A la distancia acompañé a Nicolás hasta su apartamento en un área olvidada, compuesta de hangares y construcciones medianas, al parecer abandonadas. Nicolás era el único habitante de un inmueble que, según creí, había crecido al azar, con anexos superpuestos por la necesidad de ampliar una oficina. A una planta inicial le habían agregado otros módulos de fachada más o menos similar, de distinto tamaño; se adivinaba que cada adición había dependido de presupuestos variables, que obligaban a diseñar cada piso con altura igualmente inconstante. El conjunto daba la impresión de haber sido soñado. Al frente se acumulaban los papeles, rectángulos de cartón mal cortados, vasos desechables, trozos de anime; eso me llevó a imaginar que en ese espacio la alimentación era un asunto postergado o simplemente abstracto, la secuela de impulsos que no se podían satisfacer.

Lo primero que hizo Nicolás al entrar fue dirigirse a la cocina, abrir una despensa y elegir, entre bultos idénticos, un paquete de galletas de soda. Supe en ese instante que en ese apartamento no hallaría productos frescos. Nicolás terminó de comer y tiró el envoltorio por la ventana, creyendo a lo mejor en la degradación espontánea del plástico. Será que prefería ahorrarse los trabajos de la cocción y del reaprovechamiento. El calor de esa tarde inundaba las esquinas desgastadas, sucias, a pesar de que en el cielo se había reducido la dispersión de las nubes espesas y el sol era menos directo. Yo lo miraba todo alrededor, atontado: los muebles de tapizado seco por una cal pardusca, la mesa ocupada por revistas y fotos recortadas, una vitrina opaca, la alfombra raída apoyada detrás un escritorio. Había un fuerte olor químico que no identifiqué; no me dio la impresión de que sirviera para asear las habitaciones. Nicolás no parecía interesarse en esos simulacros, y además, pensé, difícilmente recibiera visitas. Cada cosa en ese espacio estaba reducida a la memoria de una antigua función.

En el baño, Nicolás se quitó la camisa.
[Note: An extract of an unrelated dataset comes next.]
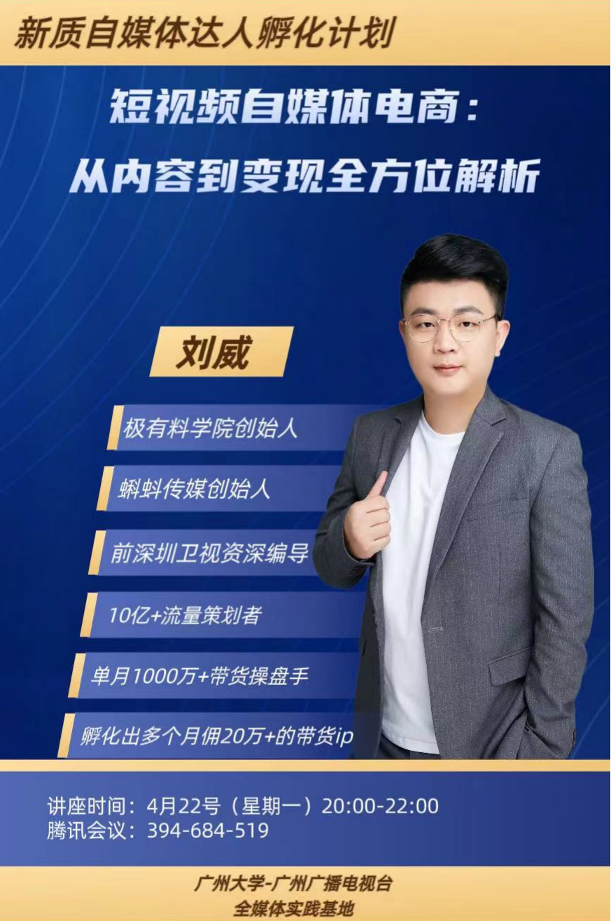 本次讲座的主讲嘉宾是做爱自拍 毕业生、极有料学院创始人、蝌蚪传媒创始人刘威。刘威拥有丰富的自媒体运营经验,曾是深圳卫视资深编导,10亿+流量策划者,单月1000万+带货操盘手,成功孵化出多个月佣20万+的带货IP。

Advertí que tenía la espalda sudada y una cicatriz reciente en el pecho. Se miró al espejo por varios minutos. El hombre asistía a su derrumbe con una mueca equívoca en el costado derecho de la boca, quizá recordando íntimamente, pero sin proponérselo, la forma de un cigarro. Adentro había una agotada luz amarillenta, que se rompía en el lavamanos y el sanitario de cerámica gris, y así creaba sombras multiplicadas luego en el resto de la pieza, especialmente en la ducha. Nicolás se lavó los sobacos y el cuello, los brazos un poco tostados, se echó agua en la cabeza. Después entró a su cuarto y yo con él, y allí lo vi todo.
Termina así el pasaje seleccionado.